Post Sandy – belief in fellow man

Well, here we are back to the daily grind in NYC a week after Hurricane Sandy. Most subways lines and roadways are up and running for most. People are lined up at Starbucks and bagel stands to get their normal fix. Businesses are open. Power has been restored to the majority. I have to give big props to the MTA and ConEd for getting everything up as quick as they did under the circumstances. It truly was a Herculean effort, and the employees of those companies that were in the trenches working day and night need to be applauded. There are still areas that are out but should be up shortly.

I thought Governor Cuomo showed excellent leadership throughout this crisis. It made me happy to see him blast the utility companies and make them perform. It’s all about accountability as he stressed. Mayor Bloombito at times said the right things, but he will forever be known now as the arrogant insensitive moron that he can be with the whole New York City Marathon debacle.
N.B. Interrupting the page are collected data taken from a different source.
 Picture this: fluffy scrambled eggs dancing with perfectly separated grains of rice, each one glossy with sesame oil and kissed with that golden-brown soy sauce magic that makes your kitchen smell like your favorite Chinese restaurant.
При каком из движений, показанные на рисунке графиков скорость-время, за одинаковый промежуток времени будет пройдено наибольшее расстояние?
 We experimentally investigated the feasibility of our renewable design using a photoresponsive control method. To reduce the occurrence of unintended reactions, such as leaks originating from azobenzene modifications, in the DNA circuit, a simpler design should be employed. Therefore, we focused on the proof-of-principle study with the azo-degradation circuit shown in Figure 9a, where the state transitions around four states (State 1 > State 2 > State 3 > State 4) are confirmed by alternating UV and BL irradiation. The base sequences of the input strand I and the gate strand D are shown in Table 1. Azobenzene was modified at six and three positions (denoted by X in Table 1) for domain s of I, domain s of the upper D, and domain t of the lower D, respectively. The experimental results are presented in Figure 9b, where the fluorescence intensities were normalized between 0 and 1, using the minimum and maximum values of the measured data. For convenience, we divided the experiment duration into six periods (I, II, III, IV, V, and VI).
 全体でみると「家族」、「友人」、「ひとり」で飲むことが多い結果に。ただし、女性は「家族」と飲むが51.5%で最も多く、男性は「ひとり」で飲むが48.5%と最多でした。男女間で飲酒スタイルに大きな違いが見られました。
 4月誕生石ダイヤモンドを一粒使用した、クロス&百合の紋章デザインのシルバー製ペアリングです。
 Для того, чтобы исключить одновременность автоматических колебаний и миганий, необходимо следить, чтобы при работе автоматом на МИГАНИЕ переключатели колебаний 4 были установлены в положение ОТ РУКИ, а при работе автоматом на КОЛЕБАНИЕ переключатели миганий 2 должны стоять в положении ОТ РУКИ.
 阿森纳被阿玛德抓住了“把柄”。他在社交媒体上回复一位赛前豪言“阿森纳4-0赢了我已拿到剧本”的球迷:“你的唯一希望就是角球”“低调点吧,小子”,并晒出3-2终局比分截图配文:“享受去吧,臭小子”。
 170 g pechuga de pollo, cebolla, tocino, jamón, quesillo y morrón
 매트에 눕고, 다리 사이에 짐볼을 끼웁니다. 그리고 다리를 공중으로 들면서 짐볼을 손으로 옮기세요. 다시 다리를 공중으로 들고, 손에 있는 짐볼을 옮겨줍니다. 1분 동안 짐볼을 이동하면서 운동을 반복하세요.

I just don’t get him, as one moment he does good in his position, and at another he makes us all cringe.  Thankfully, this is his last term.

Still, there are so many that life will never be normal again. Watching the news this morning and reading the paper on the way to work brings the images of devastation, suffering, and heartbreak to the forefront of my mind. So many lost their homes, livelihoods, everything. Many areas of Staten Island, Jersey, Queens, Brooklyn, and others that were hardest hit are in for a long battle to recover. Many will never truly recover. That is why we all must show our compassionate side and pitch in. Even just a little bit helps. Many that are without homes and power are struggling through cold nights this week, and with a Nor’easter looming in a few days it will make matters worse for so many and damper recovery efforts. It’s called being human people, and won’t take much effort to help out.
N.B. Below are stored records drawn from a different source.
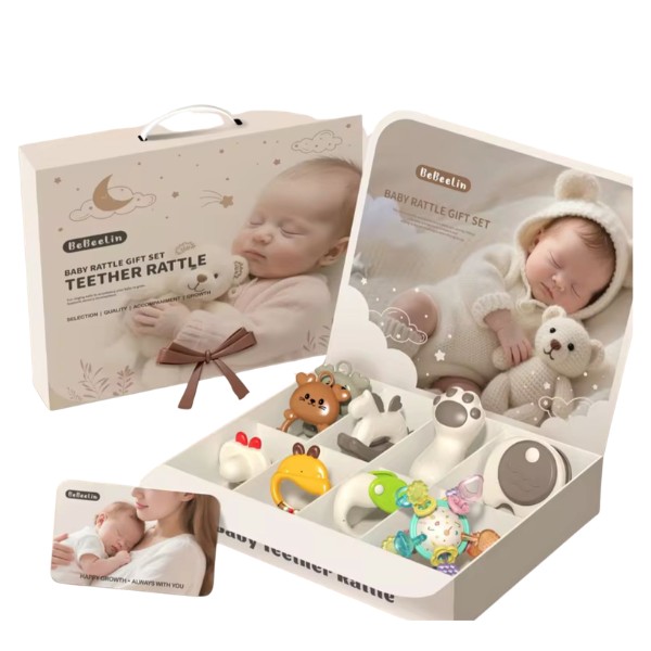 Caja regalo premium diseñada para acompañar el desarrollo de bebés recién nacidos (0-3 meses). Incluye una selección cuidadosa de juguetes sensoriales: sonajeros suaves, mordedores de texturas variadas, libro de tela lavable y tarjetas visuales en alto contraste (blanco y negro) que estimulan la vista en etapas tempranas. Todos los materiales son seguros, libres de BPA y aptos para lactantes. Perfecto para fortalecer la coordinación mano-ojo, el tacto, la audición y el enfoque visual. Presentado en una caja elegante, ideal como regalo para baby showers, nacimientos o primeros días.
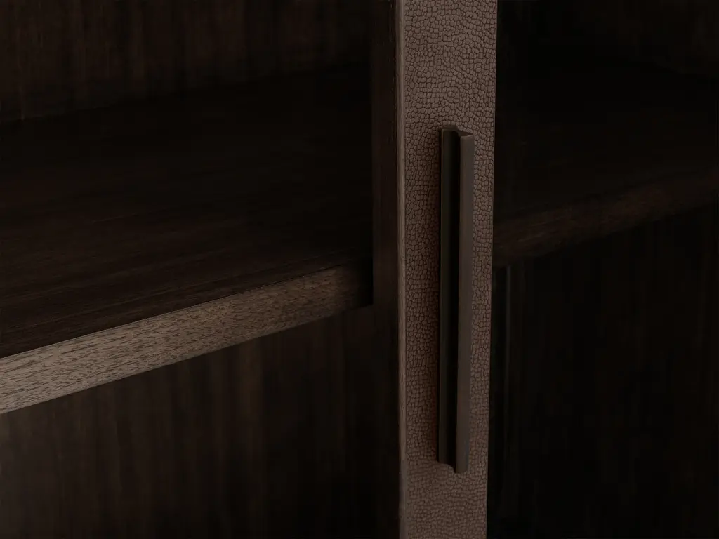 Featuring a sleek aesthetic, our Malone Collection is artisan-crafted from solid parawood or oak wood—depending on your preferred finish—and surfaced with walnut or elm wood veneers. Insets made from reconstituted leather embossed with a shagreen pattern are complemented by hand-applied finishes to give this collection a modern look with intriguing textural details. Elegant silhouettes and metallic accents will elevate your space to a new level of refinement.
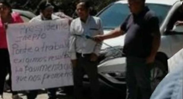 Además, a Alfredo Hernández Morales, electo bajo las siglas del Partido Revolucionario Institucional (PRD), le fue colocada una cartulina en la que se cita: “Presidente inepto”.
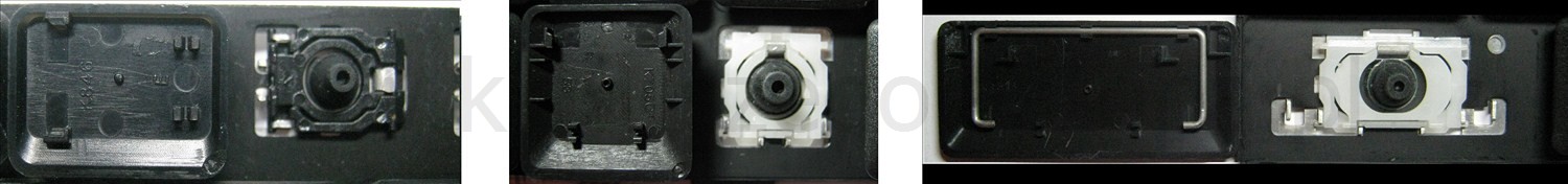 - Om het juiste model te kiezen, vergelijk de lege plek op jouw toetsenbord met de onderstaande foto’s, of verwijder de toets “A” – daaronder zit altijd een middelgrote clip.
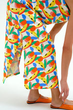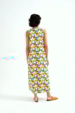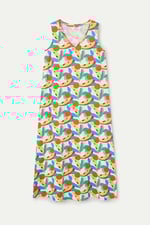 Vestido largo de tejido 100% algodón con estampado tutti frutti small. Cuello pico y sin mangas. Abertura lateral. La modelo mide 175 cm y lleva la talla S.

I had my own experience with this first hand yesterday. Made sure we got up early to hit the local stores to buy bags of supplies and food for Far Rockaway Relief efforts. There was a local bar in my hood serving as a donation drive center. It was astounding walking up and seeing the amazing outpouring of support and donations from the Upper East Side/Yorkville area that I live in. It made me swell with pride for my neighborhood.  There were hundreds of people piling in with all types of goods and necessities to give. Huge trucks were filled to the rim with bags and boxes. The local fire dept was on hand to help out. I literally had tears in my eyes as I walked away after handing over our donation.  It made me believe again that there is some good in my fellow man.

The second half of my day was spent giving blood at the donor center close to where I live. Again, it was heartwarming to see so many piling in to give. The place was mobbed and right after I walked in at 3pm they locked the doors behind us. As they were understaffed we were told it might take a few hours and could leave if that would be a problem. There was no way anyone was leaving. Well, two hours turned into four and five by the time it ended. Very few left. It became such a sense of “community” with all of us bonding and telling our Sandy stories and experiences. We were determined to see this through, as it really was not that much of a sacrifice. Again, it made me believe that there really is good in most people.
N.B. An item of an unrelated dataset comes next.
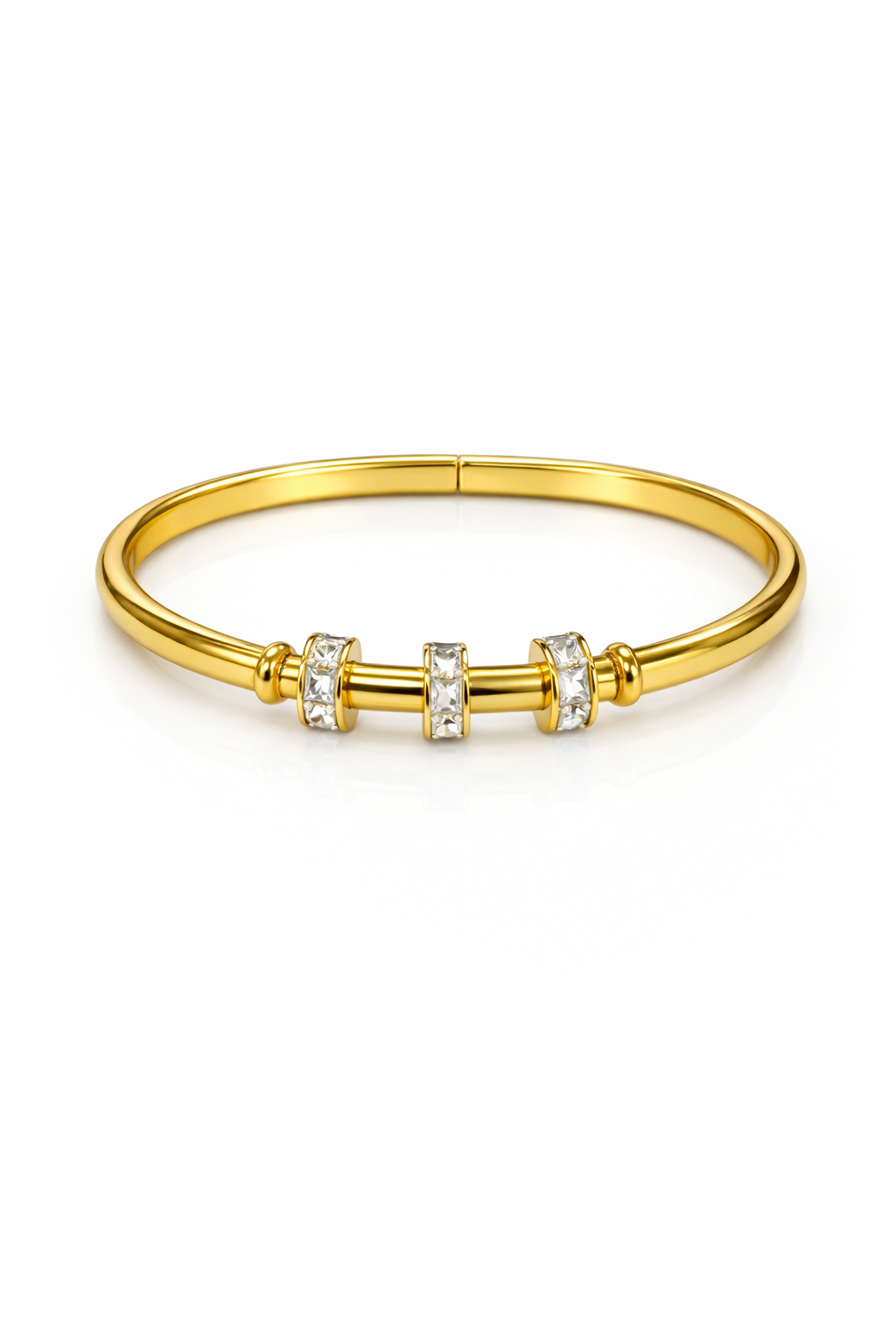Κομψό κλειστό βραχιόλι σε χρυσό τόνο με διακριτικές λεπτομέρειες από στρας, ιδανικό για καθημερινή λάμψη και elegant εμφανίσεις.

So much more needs to be done. The Red Cross and many other charitable organizations are still taking donations and will be for quite a while. You can always give blood, once every two months. Volunteers are still needed to help out the areas ravaged by this storm on a daily basis. We can all do our part whether it be big or small. Be human. We are all in this together.

2 thoughts on “Post Sandy – belief in fellow man”

  1. Great article Phil. Good to hear people are pulling together and whilst the pain will be long lasting for some, sharing the burden does help.

    In times of crisis people come together and the benefits are clear to see.

    1. Thanks for the compliment. So many affected here by the storm. It’s good to see people showing compassion and caring.